#### [MATERIAL PROVIDED]
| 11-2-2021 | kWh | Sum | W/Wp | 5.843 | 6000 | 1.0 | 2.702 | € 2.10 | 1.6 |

* * *

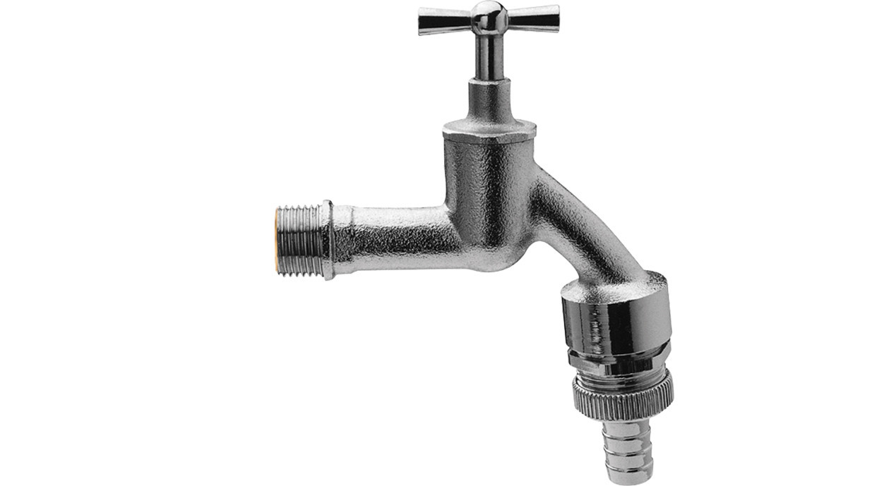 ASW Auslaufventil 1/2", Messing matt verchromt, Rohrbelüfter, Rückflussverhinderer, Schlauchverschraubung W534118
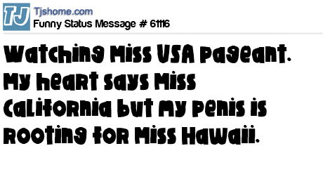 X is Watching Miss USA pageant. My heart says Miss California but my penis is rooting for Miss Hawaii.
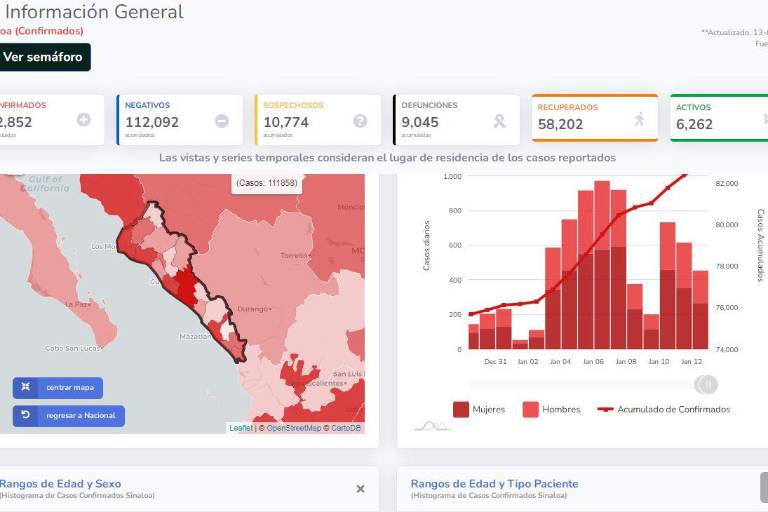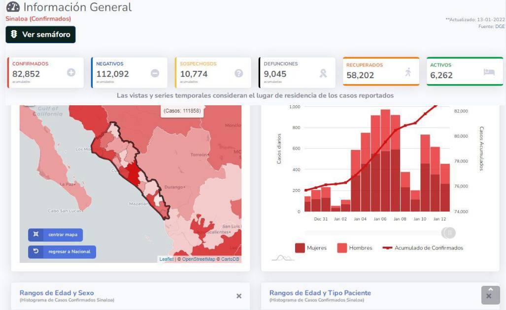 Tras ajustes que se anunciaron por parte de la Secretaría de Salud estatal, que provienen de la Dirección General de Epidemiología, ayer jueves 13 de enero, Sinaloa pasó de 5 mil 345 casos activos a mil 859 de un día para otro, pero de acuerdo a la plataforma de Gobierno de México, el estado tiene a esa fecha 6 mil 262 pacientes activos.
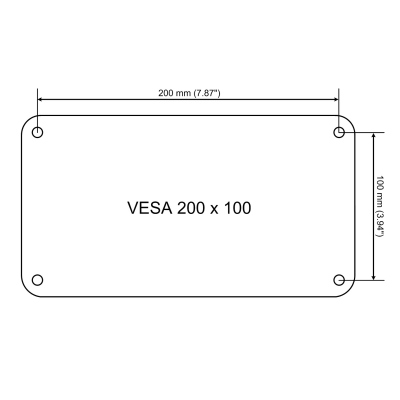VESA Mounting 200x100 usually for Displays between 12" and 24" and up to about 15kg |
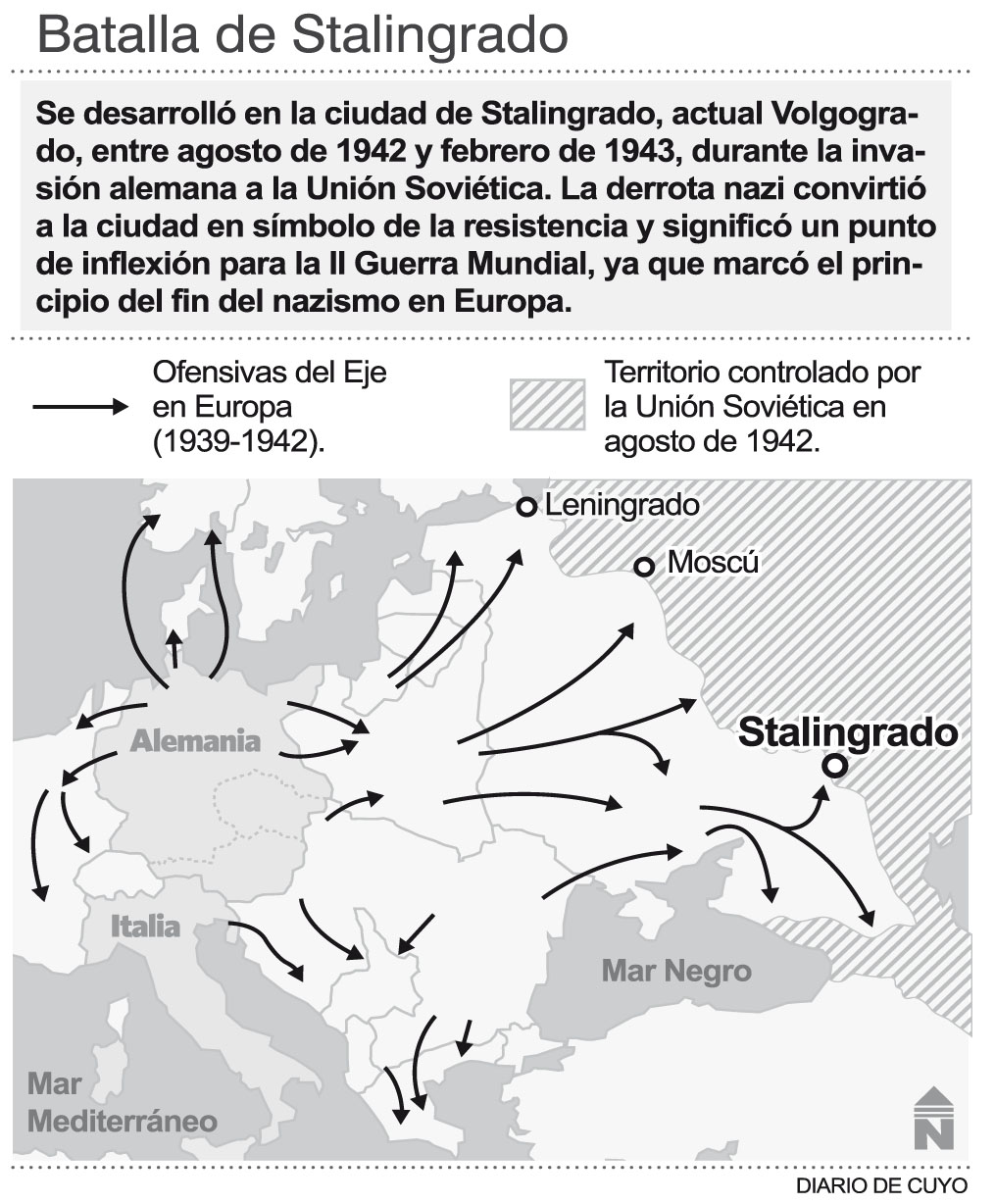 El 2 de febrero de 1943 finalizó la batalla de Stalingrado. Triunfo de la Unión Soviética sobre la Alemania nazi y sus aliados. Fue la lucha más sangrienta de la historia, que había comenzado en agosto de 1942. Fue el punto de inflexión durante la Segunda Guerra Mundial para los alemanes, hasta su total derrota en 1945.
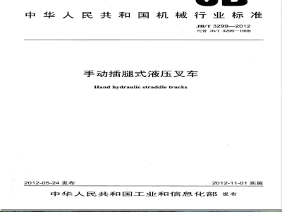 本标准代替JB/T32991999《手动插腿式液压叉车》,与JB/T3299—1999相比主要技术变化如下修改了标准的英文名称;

* * *

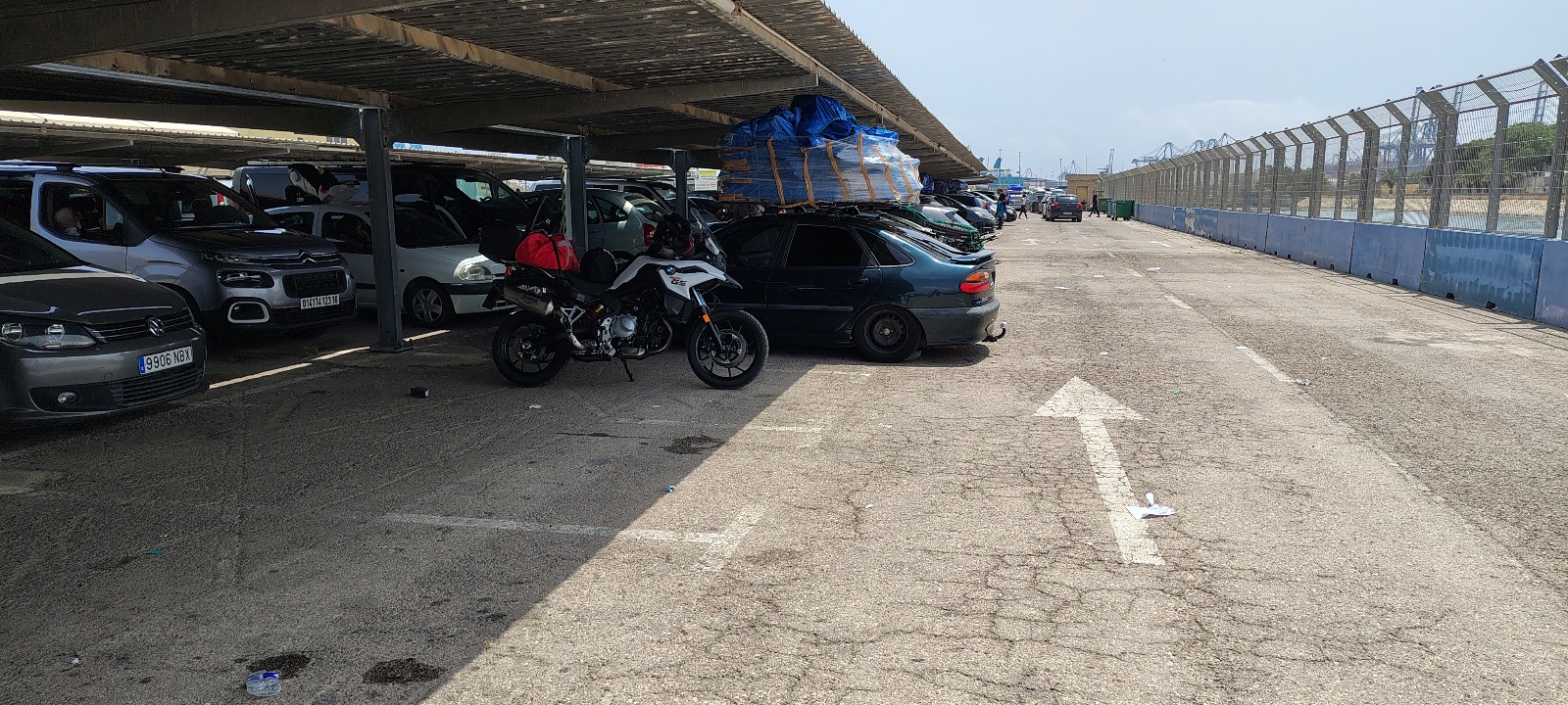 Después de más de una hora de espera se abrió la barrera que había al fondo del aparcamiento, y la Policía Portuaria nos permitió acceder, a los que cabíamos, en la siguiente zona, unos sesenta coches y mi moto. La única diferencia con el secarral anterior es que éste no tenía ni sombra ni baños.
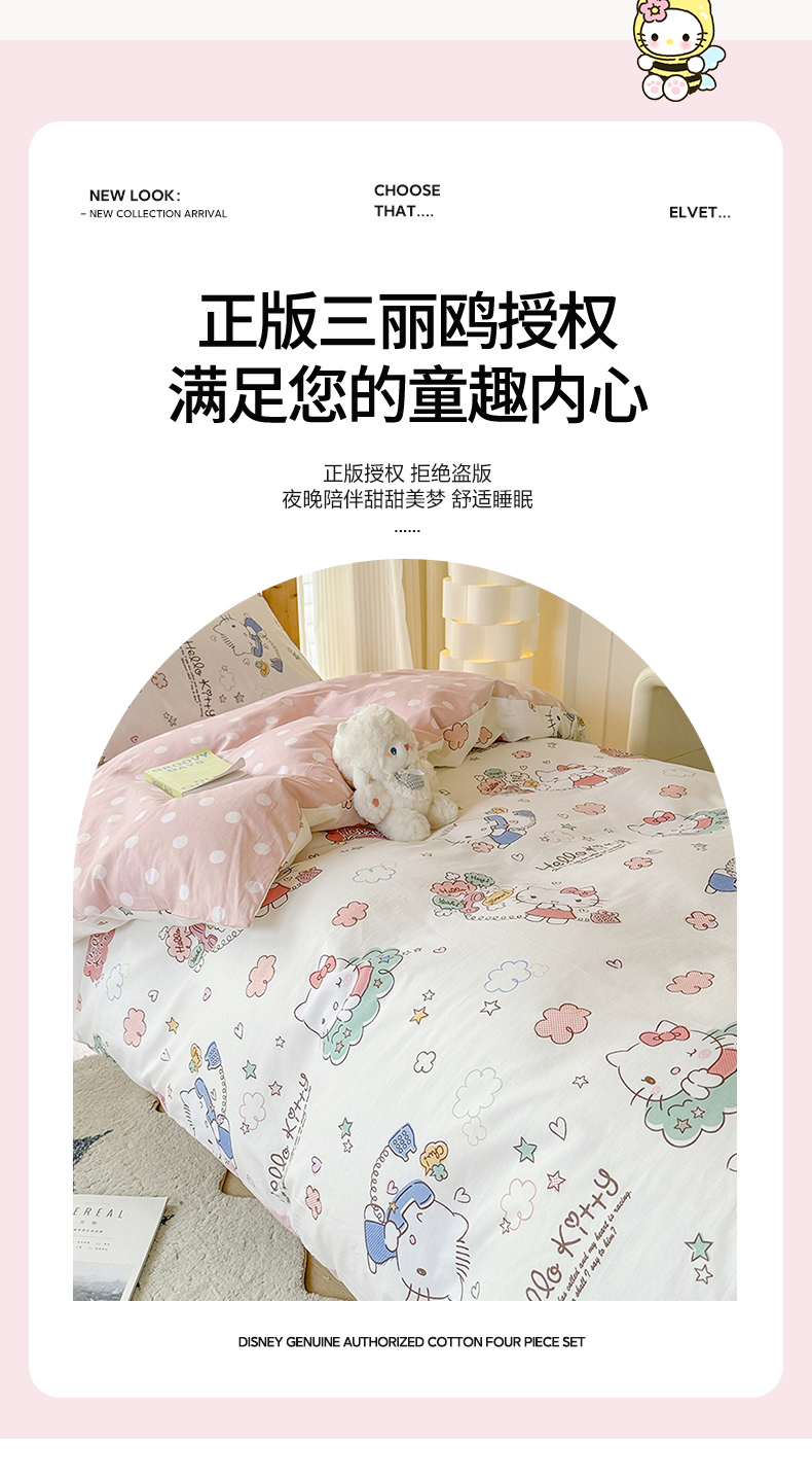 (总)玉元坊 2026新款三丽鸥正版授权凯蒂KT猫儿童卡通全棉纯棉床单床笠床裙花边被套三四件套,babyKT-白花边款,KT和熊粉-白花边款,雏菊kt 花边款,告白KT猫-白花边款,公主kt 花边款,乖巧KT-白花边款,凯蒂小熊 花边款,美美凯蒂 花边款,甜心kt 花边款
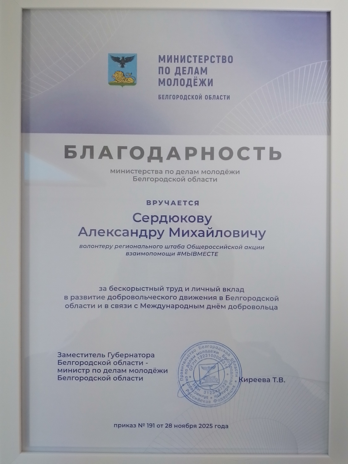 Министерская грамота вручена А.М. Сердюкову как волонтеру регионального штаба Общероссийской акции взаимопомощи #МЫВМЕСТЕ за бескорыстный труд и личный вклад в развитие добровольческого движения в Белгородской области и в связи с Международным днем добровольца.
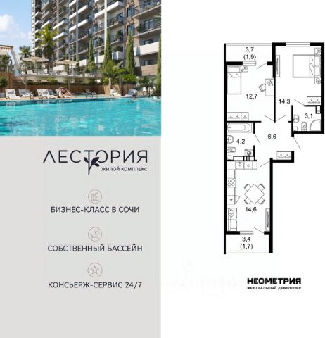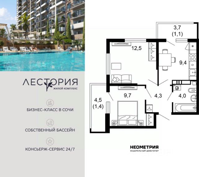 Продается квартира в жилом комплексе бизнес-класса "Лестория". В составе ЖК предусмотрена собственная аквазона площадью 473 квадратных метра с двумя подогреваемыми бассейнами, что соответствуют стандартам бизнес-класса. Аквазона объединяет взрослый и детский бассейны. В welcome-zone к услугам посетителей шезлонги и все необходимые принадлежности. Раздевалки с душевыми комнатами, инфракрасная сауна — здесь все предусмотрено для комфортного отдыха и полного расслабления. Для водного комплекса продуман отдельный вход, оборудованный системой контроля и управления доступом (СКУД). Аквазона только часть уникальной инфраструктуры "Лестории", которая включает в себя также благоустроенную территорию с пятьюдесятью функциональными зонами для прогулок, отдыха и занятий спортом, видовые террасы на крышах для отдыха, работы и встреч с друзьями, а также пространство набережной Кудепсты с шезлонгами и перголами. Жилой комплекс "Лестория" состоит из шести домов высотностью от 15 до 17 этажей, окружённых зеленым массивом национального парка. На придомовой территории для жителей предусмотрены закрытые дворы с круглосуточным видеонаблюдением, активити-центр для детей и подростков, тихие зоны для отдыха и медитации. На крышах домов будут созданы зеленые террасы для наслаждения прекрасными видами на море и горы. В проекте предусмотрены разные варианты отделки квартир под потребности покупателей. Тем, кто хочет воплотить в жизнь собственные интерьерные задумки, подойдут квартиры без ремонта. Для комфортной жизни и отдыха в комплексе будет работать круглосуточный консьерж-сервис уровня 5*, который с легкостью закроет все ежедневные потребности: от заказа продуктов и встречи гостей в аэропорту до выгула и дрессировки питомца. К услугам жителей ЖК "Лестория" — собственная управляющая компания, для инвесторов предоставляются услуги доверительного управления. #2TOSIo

#### [EXERCISE BRIEF]
Output exactly the lines above that lie between the line with "VESA Mounting 200x100" and the line with "本标准代替JB/T32991", those two lines included, and no pictures.

#### [TASK RESPONSE]
VESA Mounting 200x100 usually for Displays between 12" and 24" and up to about 15kg |
 El 2 de febrero de 1943 finalizó la batalla de Stalingrado. Triunfo de la Unión Soviética sobre la Alemania nazi y sus aliados. Fue la lucha más sangrienta de la historia, que había comenzado en agosto de 1942. Fue el punto de inflexión durante la Segunda Guerra Mundial para los alemanes, hasta su total derrota en 1945.
 本标准代替JB/T32991999《手动插腿式液压叉车》,与JB/T3299—1999相比主要技术变化如下修改了标准的英文名称;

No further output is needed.